As a first approximation, you could think of CSlick as a function:

CSlick: List -> List -> ForeignAPI

The signature above is deliberately curried, because you may actually want to be able to specify just the header files, and later bind different DLLs to provide the actual functionality, just as a .h file can be associated with different .c files.

When this will happen is anyone’s guess right now; but Vassili has done this before (in the context of Lisp) and I’m sure he can do it again.

The resulting foreign API should incorporate the low level alien API, and, as much as possible, a higher level API as well.

The CSlick implementation will need to know how to parse C header files, and how to reflectively manufacture the low level code that actually invokes the C functions.
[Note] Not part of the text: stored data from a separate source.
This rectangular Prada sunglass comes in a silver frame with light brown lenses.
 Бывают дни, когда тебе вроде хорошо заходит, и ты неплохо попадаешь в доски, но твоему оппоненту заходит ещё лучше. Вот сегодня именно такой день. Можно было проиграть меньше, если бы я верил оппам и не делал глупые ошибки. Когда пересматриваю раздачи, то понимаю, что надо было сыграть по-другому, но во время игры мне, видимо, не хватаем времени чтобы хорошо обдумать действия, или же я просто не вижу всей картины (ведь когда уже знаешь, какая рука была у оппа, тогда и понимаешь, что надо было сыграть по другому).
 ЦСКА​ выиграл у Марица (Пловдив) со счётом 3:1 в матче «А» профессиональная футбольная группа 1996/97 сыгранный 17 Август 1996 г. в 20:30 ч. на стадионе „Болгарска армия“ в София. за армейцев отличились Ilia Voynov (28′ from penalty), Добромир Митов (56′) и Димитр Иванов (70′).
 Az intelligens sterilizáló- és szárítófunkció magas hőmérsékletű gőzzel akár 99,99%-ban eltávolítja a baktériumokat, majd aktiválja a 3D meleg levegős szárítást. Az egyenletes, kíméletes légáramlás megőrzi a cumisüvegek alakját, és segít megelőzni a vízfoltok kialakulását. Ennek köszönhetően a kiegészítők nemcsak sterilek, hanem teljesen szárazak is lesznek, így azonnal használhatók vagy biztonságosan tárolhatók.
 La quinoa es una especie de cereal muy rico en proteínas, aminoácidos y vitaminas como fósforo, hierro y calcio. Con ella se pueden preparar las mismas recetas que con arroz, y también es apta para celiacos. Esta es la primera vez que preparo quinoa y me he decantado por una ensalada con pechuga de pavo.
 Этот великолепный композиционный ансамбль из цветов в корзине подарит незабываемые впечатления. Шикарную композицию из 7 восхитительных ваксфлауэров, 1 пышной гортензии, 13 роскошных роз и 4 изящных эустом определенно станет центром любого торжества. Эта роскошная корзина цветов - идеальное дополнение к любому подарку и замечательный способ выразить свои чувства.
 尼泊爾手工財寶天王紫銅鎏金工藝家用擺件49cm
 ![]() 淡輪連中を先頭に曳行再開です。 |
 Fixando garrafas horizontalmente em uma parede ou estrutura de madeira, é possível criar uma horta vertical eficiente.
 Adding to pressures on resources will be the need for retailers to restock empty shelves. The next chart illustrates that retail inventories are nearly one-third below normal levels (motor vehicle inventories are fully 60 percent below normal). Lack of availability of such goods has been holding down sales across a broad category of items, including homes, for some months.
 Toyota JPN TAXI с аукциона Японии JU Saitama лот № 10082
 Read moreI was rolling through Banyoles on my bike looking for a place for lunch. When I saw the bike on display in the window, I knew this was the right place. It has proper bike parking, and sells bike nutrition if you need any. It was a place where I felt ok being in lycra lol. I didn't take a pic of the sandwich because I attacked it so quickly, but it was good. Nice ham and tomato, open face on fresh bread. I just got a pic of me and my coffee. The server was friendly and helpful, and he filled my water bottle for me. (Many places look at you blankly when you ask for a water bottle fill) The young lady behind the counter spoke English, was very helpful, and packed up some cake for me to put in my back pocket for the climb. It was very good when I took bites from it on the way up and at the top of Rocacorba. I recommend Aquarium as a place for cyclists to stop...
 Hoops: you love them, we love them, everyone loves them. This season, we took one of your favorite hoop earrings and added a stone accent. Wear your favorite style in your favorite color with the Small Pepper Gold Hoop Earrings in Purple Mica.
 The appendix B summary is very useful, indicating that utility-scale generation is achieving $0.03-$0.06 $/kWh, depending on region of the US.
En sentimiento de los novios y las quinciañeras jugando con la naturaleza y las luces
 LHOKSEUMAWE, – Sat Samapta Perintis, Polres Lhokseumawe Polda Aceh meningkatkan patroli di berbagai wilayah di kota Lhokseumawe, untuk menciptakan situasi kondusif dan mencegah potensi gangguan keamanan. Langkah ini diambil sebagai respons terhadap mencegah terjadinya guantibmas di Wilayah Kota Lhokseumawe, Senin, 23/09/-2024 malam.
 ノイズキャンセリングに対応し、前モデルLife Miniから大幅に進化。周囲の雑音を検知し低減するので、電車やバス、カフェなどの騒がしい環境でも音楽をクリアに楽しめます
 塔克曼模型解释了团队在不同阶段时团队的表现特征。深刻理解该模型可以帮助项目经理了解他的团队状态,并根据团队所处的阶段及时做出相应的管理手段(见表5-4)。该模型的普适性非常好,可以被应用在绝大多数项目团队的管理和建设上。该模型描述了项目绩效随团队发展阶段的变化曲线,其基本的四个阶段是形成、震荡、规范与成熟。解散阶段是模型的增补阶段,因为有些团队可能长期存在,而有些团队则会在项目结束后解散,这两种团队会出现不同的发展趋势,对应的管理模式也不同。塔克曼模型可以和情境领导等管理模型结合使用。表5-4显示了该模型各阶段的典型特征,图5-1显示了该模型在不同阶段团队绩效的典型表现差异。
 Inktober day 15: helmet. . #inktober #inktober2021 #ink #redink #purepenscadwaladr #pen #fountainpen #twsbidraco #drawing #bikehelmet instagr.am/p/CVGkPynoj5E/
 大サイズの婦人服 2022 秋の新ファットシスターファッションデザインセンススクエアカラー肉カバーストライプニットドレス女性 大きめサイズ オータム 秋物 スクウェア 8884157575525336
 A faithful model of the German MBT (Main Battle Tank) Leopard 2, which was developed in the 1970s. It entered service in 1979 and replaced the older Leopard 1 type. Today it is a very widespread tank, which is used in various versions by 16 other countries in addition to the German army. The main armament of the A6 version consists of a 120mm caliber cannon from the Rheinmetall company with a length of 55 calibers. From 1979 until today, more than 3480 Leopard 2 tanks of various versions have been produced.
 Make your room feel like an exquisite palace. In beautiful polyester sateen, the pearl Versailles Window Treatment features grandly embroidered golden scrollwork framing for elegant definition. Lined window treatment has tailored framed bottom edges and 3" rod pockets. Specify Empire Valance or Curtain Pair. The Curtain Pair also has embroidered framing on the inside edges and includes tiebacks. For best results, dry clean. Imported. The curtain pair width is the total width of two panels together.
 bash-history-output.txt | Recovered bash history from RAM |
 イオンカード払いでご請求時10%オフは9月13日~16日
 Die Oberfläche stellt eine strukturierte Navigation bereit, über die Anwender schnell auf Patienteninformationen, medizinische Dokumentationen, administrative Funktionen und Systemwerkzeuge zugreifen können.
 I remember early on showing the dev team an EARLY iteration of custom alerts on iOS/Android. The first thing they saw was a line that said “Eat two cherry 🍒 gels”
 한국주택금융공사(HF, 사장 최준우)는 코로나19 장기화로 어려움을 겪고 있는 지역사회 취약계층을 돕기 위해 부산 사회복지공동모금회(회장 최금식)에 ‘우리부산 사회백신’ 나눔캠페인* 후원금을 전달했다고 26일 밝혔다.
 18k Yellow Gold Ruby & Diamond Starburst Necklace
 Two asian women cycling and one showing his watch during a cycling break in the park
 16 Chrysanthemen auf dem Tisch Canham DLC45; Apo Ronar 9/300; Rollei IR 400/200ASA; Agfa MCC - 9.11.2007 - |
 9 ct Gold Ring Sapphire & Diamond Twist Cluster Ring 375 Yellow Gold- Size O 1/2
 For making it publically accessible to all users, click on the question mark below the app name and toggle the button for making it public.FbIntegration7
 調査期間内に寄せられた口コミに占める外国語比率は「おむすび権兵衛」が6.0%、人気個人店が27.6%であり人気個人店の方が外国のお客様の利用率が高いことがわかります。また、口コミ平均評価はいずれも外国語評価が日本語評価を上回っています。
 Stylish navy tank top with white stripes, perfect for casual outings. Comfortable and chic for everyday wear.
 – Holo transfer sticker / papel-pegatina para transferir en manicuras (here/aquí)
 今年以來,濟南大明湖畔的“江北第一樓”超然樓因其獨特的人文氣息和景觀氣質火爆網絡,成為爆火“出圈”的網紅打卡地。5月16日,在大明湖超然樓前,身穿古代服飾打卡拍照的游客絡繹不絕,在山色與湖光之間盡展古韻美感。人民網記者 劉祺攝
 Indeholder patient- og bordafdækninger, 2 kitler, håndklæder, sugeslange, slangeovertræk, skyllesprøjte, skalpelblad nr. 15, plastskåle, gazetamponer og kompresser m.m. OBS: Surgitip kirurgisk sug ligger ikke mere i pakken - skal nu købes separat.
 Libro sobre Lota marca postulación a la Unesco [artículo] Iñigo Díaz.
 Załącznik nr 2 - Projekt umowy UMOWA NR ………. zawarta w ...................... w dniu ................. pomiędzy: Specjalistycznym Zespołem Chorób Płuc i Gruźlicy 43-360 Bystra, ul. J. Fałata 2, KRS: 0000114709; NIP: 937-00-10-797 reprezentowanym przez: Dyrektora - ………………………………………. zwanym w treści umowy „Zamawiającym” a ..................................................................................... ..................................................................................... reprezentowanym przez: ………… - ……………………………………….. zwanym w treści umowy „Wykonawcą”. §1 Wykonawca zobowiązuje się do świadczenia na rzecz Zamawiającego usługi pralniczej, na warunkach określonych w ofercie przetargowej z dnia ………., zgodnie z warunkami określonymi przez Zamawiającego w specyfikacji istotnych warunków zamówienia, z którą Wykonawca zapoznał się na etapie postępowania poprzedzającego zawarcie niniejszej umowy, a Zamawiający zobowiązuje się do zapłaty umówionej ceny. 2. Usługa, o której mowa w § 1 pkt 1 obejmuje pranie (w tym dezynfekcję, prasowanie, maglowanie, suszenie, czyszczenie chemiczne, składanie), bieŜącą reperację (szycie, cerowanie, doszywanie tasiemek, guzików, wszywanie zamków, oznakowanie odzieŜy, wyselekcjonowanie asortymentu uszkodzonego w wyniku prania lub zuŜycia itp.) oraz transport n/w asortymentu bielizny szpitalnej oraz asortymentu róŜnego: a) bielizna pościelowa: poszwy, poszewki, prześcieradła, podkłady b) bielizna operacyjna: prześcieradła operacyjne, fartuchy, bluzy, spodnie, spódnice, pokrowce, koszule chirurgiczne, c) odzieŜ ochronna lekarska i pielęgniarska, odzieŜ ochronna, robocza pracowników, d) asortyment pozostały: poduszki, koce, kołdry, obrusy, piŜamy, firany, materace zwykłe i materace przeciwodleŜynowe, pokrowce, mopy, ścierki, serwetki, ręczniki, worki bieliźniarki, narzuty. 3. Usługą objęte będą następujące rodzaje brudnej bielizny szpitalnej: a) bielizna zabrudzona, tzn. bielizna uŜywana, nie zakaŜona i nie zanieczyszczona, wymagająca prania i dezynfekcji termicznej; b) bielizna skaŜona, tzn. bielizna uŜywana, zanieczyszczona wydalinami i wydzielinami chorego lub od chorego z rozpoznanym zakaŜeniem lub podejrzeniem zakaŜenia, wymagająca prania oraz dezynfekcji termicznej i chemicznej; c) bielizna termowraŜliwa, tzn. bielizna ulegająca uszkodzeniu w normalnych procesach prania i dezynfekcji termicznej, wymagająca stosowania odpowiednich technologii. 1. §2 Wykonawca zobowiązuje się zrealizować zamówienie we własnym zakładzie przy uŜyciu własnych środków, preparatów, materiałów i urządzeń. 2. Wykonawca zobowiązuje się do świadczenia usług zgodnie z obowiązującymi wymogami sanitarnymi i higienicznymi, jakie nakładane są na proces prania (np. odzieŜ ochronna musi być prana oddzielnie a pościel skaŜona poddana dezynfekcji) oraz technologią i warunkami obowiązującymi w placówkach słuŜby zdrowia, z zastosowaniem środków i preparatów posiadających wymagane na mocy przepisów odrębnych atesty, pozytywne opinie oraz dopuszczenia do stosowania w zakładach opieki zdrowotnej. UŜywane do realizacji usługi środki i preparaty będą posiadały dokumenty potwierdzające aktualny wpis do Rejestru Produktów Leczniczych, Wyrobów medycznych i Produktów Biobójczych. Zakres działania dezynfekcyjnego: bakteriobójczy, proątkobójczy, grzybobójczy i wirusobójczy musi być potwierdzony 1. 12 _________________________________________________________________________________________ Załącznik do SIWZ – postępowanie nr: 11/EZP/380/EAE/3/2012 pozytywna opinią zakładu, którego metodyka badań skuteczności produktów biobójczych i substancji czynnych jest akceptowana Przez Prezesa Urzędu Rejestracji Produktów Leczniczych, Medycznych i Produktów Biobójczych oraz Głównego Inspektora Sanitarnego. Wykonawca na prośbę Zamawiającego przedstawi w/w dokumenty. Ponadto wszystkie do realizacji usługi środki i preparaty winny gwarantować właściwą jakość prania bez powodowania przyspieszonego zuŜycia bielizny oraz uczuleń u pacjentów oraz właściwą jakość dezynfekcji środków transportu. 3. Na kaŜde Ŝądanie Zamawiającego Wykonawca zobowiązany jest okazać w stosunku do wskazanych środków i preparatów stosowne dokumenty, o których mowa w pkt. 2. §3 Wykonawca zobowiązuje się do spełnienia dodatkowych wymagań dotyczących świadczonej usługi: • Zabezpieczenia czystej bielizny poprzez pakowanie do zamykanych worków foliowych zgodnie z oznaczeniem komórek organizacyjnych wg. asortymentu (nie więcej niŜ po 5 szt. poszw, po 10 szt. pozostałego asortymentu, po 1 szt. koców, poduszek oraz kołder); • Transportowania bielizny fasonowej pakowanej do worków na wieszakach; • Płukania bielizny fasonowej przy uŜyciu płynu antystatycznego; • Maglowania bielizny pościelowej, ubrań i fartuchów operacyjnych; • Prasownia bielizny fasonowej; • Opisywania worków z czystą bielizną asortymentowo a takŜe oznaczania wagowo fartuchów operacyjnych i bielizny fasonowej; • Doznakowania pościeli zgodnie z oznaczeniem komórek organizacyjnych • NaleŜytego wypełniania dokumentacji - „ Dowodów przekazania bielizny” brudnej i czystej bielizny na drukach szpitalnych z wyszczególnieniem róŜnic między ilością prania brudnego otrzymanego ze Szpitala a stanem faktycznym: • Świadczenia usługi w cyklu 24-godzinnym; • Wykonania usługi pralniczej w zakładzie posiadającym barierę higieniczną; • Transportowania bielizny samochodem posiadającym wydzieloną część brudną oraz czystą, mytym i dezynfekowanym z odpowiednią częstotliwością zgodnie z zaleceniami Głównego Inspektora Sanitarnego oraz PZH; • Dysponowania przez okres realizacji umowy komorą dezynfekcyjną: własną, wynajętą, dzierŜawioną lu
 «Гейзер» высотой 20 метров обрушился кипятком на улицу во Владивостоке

Fortunately we have a strong parsing infrastructure, so that isn’t as daunting as it sounds.

When I’ve told people about CSlick, they often mention SWIG. However, I believe CSlick can be made substantially easier to use than SWIG. SWIG has to cope with multiple languages, each with a pre-existing story on how to do foreign calls. In contrast, we can integrate CSlick more tightly with the language. Ultimately, that should translate to a simpler model for the user.

The key take away is that objects are all you really need to interact with foreign programming languages. They are better than built in language constructs in terms of ease of use, security, and multiple language support. As usual, less is more.